Other informed sources claim that the missile is in fact an offensive weapon designed to explode a higher-yield nuclear charge amid a carrier battle group, thereby taking out the entire armada. During a nuclear war, it could even be directed at a port or coastal land target. 

"As there are no known countermeasures to such a weapon," states David Miller's April 1995 article "Supercavitation: Going to War in a Bubble," in Jane's Intelligence Review, "its deployment could have a significant effect on future maritime operations, both surface and subsurface, and could put Western naval forces at a considerable disadvantage." 

Of equal worry is an August 1998 report that China purchased around 40 Shkval torpedoes from Kazakhstan, raising the possibility that Beijing could threaten American naval forces in a future confrontation in the Taiwan Strait. News from China (reportedly confirmed by U.S. Navy sources) that a Chinese submarine officer was on board the sunken Kursk has also raised alarms. He was there, they say, to observe the test of a new version of the Shkval/i]

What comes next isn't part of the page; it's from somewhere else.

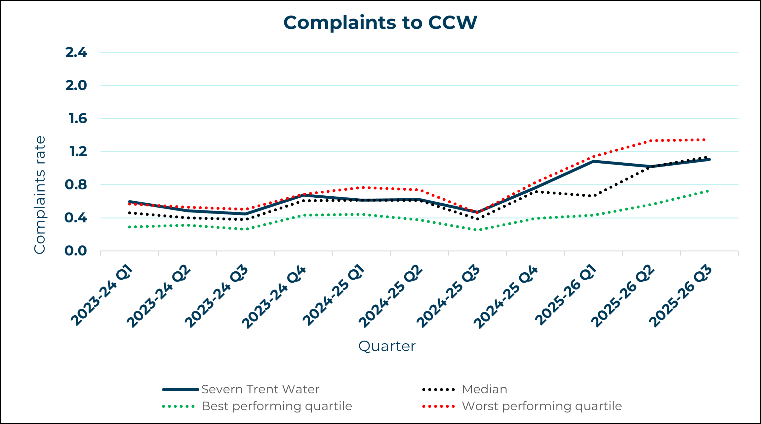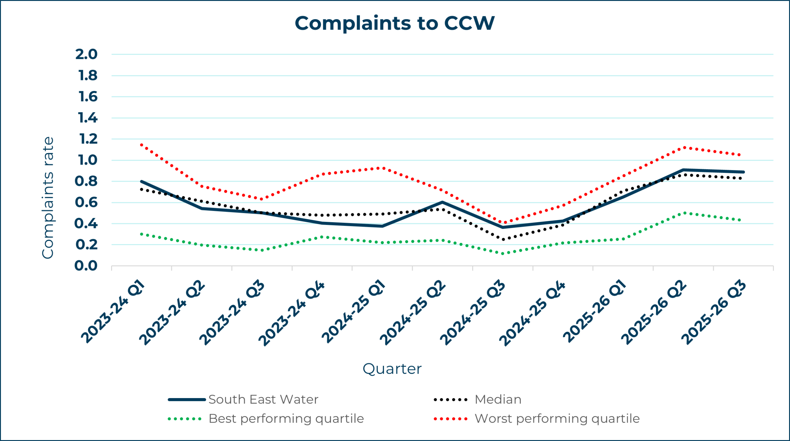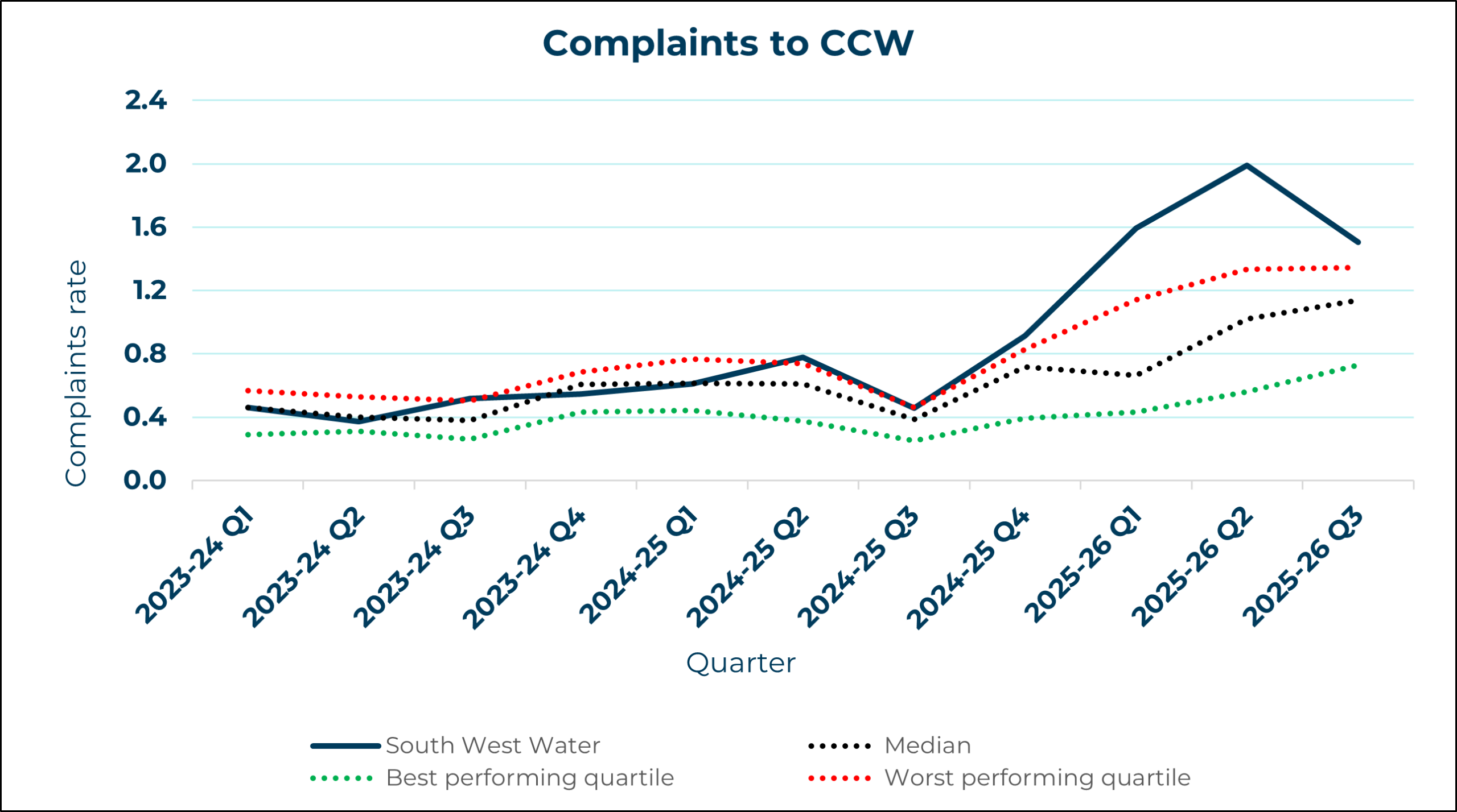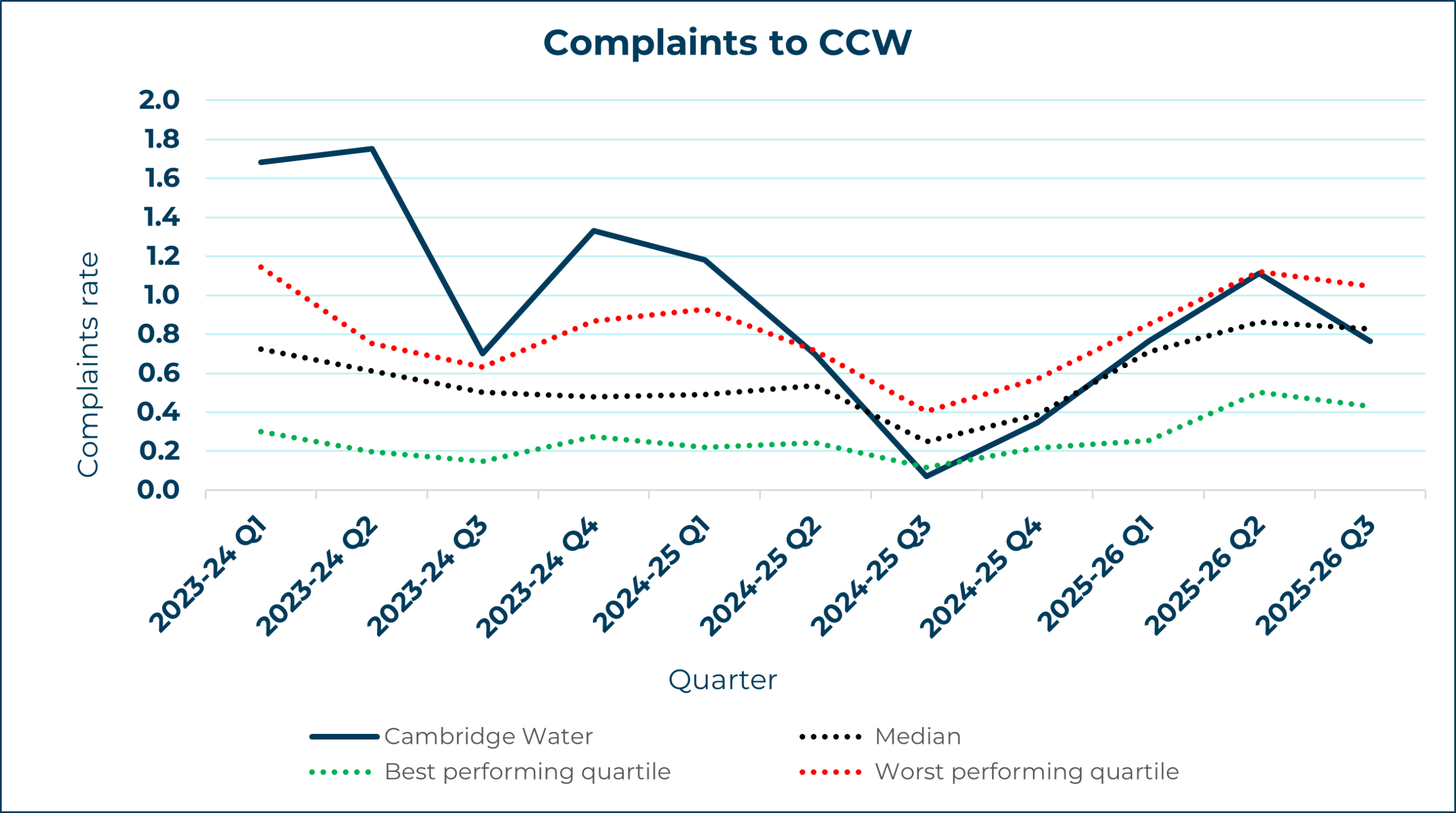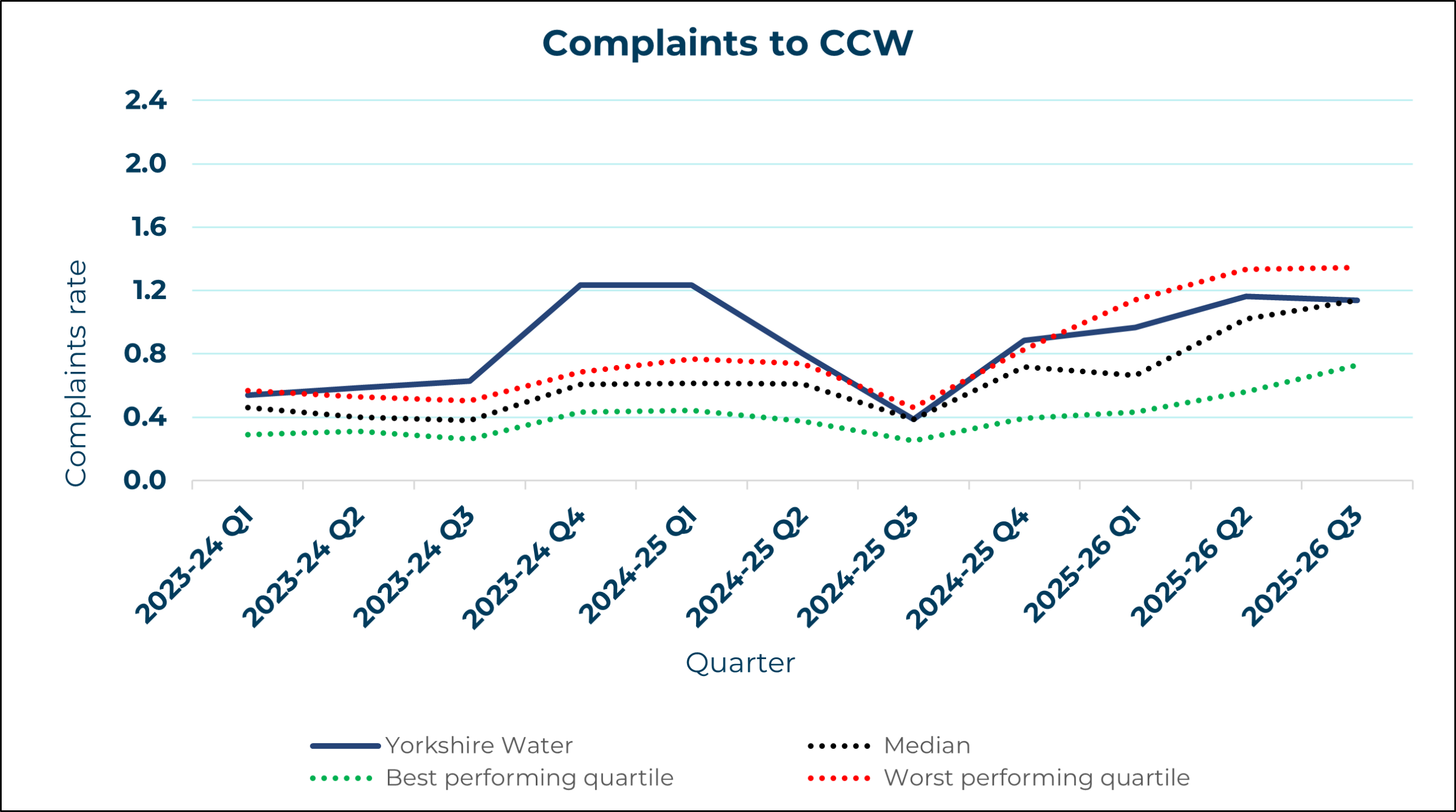 To compare companies of different sizes, we use a metric called ‘complaints per 10,000 connections’. This metric takes into account the number of water and wastewater connections each company serves.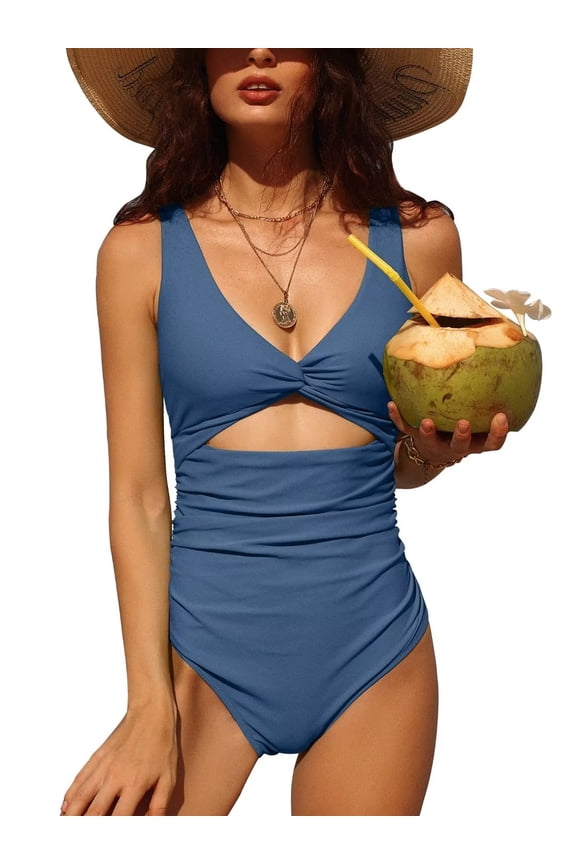 Twist V Neck One Piece Swimsuit for Womens Tummy Control Swimdress Monkini Swimwear Tie Side Mesh Bathing Suits154.5 out of 5 Stars. 15 reviews

Here is another informative site that explains what is know of the Russian Shkval super cavitation torpedo.

http://www.periscope.ucg.com/mdb-smpl/weapons/minetorp/torpedo/w0004768.shtml

Speed 230mph or 360kmh
Range 7,000m

U.S. intelligence experts call the nuclear-equipped Shkval a "revenge weapon," as it would destroy its target and the submarine that launched it. Russian sources have disagreed with this assessment, saying that the double-hull construction of Soviet-built submarines could withstand the resultant nuclear shockwave.  

Also very interest is the claim by this site that the US Intelligence community blames the capture and conviction of Edmond Pope for espionage, on Canadian efforts to acquire/purchase a Shkval torpedo.
_


----------



## geo (26 Oct 2005)

well.... if the chinese have the shkval..... good for them.... so long as you do not have to sail in the Sub that carries em on board.

As the Kursk has demonstrated - liquid propellant - slightly unstable.

Story goes that the Brits tested out a liquid propellant torpedo of their own a long time ago.... scared em!... "whups, not a good idea" - they went back to drawing board and a more conventional design (was researched on the Hist Chanel last year)


----------



## SeaKingTacco (26 Oct 2005)

Errr... you are aware that both of our torpedos (Mk-46 and Mk-48) are liquid fuelled- specifically OTTO II, right?


----------



## geo (26 Oct 2005)

Oh!.... OK.... 
thought the Mk48s worked by some sort of steam or comprssed air system...
"propelled by a piston engine with twin, contra-rotating propellers in a pump jet or shrouded configuration. The engine uses a liquid monopropellant fuel"

Ah... OK... monopropellant vs a mixture that the shkval uses.

OK, ok.... will paint my face green & black & slink back into the bush where I belong


----------



## AmmoTech90 (26 Oct 2005)

SeaKingTacco said:
			
		

> Errr... you are aware that both of our torpedos (Mk-46 and Mk-48) are liquid fuelled- specifically OTTO II, right?



There is quite a difference in between OTTO Fuel and a liquid rocket propellant.  Otto fuel will poison/kill you if you touch or breath it.  A liquid rocket propellant will probably poison you and have a good chance of ingniting if the there are any sort of storage problems.  That pretty much the reason Western SLBMs use a solid propellant.  Think of Otto fuel as a version of gasoline/kerosene, and a liquid propellant as something more akin to nitroglycerine.
Controlling a liquid propelled rocket motor requires much more hardware than a solid propellent motor.  You can get a bit more favourable energy densities, and you could in theory shut it off but the engineering and addition hardware must be taken into account as well.


----------



## SeaKingTacco (26 Oct 2005)

> There is quite a difference in between OTTO Fuel and a liquid rocket propellant.



Agreed.


----------